Aim 2. To determine the molecular identity of the nonselective leak conductance in fiber cells that is activated by removal of external calcium. Recently, my laboratory has developed a technique for producing a viable, isolated fiber cell preparation from lenses of adult and neonatal mice. We will use this preparation as well as HeLa cells transfected with different lens connexins to address the following questions: What is the molecular identity of the nonselective leak conductance activated by removal of external calcium?;Can this conductance account for the influx of sodium that occurs in fiber cells under physiological conditions?;Does this conductance mediate the pathological calcium influx that occurs in fiber cells in response to cell swelling?
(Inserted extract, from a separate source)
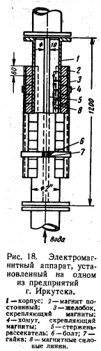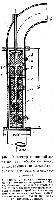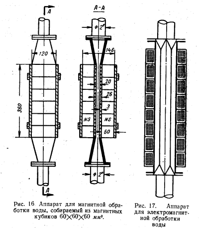 ПОДГОТОВКА ВОДЫ ДЛЯ ОДНОТРУБНЫХ ТЕПЛОВЫХ СЕТЕЙВоду для тепловых сетей 200 В» целесообразно брать непосредственно из открытых местных водоемов. Загрязненную воду при этом необходимо осветлять, пропускать через магнитные аппараты и деаэрировать. В некоторых случаях необходимы только осветление и деаэрация. Иногда может появиться необходимость в умягчении водопроводной воды. Образование трудноотделяемой накипи на стенках котлов при магнитной обработке воды прекращается или резко сокращается. Высокими магнитными свойствами обладает сплав магнико (14%Ni, 24%Со, 8%А1, 3%Си и 51%Fe), который имеет исключительно высокую коэрцитивную силу 600 э и остаточную индуктивность до 12,5 тыс. гс. Магниты из такого сплава готовятся методом литья или порошковой металлургии. Конструкции магнитных и электромагнитных аппаратов показаны на рис. 16 и 17. ![]() Самый простой аппарат собирается из магнитных кубиков 60X60X60 мм3. Расчет приборов для обработки воды магнитным полем, работающих на переменном однофазном токе напряжением 220 в с частотой 50 гц, приводится в табл. 3 и 4. ![]() Советскими исследователями было установлено, что магнитное поле оказывает ориентировочное действие на молекулы и способствует образованию центров кристаллизации. В результате исследований кристаллизации органических веществ в магнитном поле установили, что магнитное поле, не влияя на скорость кристаллизации, увеличивает число ее центров пропорционально напряжению магнитного поля. Изобретатель магнитного прибора для предупреждения накипи бельгийский инженер Верманерен отмечает, что при прохождении воды через магнитное поле происходит деформация находящихся в воде ионов солей жесткости с нарушением их зарядов, что в свою очередь ведет к нарушению электрического притяжения между ионами. Условия кристаллизации изменяются. Кальций, из которого в основном образуется твердое отложение накипи, переходит в кристаллическую модификацию углекислого кальция, который выпадает в виде рыхлого шлама. Наиболее известны магнитные приборы, выпускаемые бельгийской фирмой ЭПЮРО по патенту Вермайерена СЕР-1 и др. Магниты заключены в герметически закрытую трубу из антимагнитного металла. Такая труба с магнитами вставляется на фланцах в питательный трубопровод, в котором она омывается водой, проходящей последовательно ряд магнитных полей, под прямым углом к силовым магнитным линиям. Один из магнитных приборов прошел испытание во Всесоюзном теплотехническом институте имени Ф. Э. Дзержинского. ![]() ![]() Вода пропускалась по двум трубкам, обогреваемым паром в специальной паровой рубашке. По одной трубке проходила вода, предварительно обработанная в магнитном приборе, а по второй трубке пропускалась такая же вода без какой-либо обработки. Степень нагрева трубок колебалась от 50 до 60° С при работе на воде Терновского водохранилища и от 80 до 90° С — на воде Московского водохранилища. Опыт длился в течение 1000 ч. Результаты испытания показали, что толщина накипи на стенках котлов, работающих на воде Терновского водохранилища, после магнитной обработки уменьшилась до 0,15 мм против 0,28 мм до обработки. В котлах же, работающих на воде Московского водохранилища, после магнитной обработки воды накипь отсутствовала, в то время как до обработки ее слой имел толщину 1,25 мм. Накипь, полученная после обработки вод

The hypothesis to be tested is that connexin hemichannels are responsible for all of these phenomena. We will also use the isolated fiber cell preparation to study the regulation of gap junctional conductance by a variety of factors that have been previously shown to play an important role in regulating intercellular communication in the intact lens such as phosphorylation, oxidative stress and pHi.

Public Health Relevance

The overall goal of this research is to understand the role of gap junctional proteins in the lens. Understanding the functional properties of gap junctional proteins will lead to a better understanding of how connexins contribute to lens homeostasis and how cataracts arise.

National Institute of Health (NIH)
National Eye Institute (NEI)
Research Project (R01)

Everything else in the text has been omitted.